**Data extracts**

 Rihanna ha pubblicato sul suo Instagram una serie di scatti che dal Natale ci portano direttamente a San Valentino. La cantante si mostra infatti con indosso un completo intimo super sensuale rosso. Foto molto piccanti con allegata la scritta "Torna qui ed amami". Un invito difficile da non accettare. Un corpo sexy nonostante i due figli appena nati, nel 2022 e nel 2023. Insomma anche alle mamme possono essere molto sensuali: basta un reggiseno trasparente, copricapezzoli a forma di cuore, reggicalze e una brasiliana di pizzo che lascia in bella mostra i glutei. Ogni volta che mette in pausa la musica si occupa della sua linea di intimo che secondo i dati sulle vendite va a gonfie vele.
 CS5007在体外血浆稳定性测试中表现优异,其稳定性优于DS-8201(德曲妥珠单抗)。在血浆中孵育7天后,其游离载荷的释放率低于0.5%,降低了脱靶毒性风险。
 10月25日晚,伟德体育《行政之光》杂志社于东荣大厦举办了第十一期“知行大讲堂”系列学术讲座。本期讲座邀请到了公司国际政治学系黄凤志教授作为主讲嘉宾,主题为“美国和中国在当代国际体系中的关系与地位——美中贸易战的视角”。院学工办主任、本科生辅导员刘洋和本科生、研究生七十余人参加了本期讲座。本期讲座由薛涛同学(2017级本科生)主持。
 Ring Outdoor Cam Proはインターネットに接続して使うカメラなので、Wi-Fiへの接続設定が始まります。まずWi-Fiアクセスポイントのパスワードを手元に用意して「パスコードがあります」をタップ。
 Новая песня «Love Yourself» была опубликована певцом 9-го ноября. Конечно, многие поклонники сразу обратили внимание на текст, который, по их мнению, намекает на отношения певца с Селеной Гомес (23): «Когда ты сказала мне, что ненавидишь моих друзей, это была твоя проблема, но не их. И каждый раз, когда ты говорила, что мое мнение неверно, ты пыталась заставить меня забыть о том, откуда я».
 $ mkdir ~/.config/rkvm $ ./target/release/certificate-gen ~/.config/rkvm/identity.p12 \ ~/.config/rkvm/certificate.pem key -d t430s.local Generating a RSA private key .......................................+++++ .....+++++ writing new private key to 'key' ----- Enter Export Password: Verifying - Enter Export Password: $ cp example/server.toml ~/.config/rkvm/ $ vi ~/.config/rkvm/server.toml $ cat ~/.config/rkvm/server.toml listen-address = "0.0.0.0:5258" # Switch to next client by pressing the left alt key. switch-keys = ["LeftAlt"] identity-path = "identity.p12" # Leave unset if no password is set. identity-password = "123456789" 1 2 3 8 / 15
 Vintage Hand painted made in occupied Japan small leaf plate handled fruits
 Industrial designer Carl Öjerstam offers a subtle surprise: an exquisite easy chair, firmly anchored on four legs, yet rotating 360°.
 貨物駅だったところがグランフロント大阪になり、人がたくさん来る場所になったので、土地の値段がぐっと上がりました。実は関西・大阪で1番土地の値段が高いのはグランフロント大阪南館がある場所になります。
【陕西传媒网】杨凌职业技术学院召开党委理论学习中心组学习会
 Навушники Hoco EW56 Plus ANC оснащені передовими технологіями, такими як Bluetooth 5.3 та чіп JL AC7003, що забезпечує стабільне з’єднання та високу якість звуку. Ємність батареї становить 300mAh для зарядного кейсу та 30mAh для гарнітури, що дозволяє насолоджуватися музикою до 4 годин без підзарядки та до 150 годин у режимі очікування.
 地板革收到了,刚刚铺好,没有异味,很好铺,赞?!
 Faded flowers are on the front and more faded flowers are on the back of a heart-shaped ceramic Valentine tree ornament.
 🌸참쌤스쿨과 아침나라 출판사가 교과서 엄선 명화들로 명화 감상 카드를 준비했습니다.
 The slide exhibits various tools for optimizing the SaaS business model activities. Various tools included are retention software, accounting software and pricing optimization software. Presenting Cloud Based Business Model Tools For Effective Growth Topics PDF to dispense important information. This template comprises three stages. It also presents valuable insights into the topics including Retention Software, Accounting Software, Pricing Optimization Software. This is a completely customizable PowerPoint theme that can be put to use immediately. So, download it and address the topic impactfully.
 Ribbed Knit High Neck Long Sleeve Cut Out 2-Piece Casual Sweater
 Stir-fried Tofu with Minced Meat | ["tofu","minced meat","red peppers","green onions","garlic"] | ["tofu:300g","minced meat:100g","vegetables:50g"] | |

**The task**
Report every line above that has the string "address" in it.

**Solution to this problem**
 $ mkdir ~/.config/rkvm $ ./target/release/certificate-gen ~/.config/rkvm/identity.p12 \ ~/.config/rkvm/certificate.pem key -d t430s.local Generating a RSA private key .......................................+++++ .....+++++ writing new private key to 'key' ----- Enter Export Password: Verifying - Enter Export Password: $ cp example/server.toml ~/.config/rkvm/ $ vi ~/.config/rkvm/server.toml $ cat ~/.config/rkvm/server.toml listen-address = "0.0.0.0:5258" # Switch to next client by pressing the left alt key. switch-keys = ["LeftAlt"] identity-path = "identity.p12" # Leave unset if no password is set. identity-password = "123456789" 1 2 3 8 / 15
 The slide exhibits various tools for optimizing the SaaS business model activities. Various tools included are retention software, accounting software and pricing optimization software. Presenting Cloud Based Business Model Tools For Effective Growth Topics PDF to dispense important information. This template comprises three stages. It also presents valuable insights into the topics including Retention Software, Accounting Software, Pricing Optimization Software. This is a completely customizable PowerPoint theme that can be put to use immediately. So, download it and address the topic impactfully.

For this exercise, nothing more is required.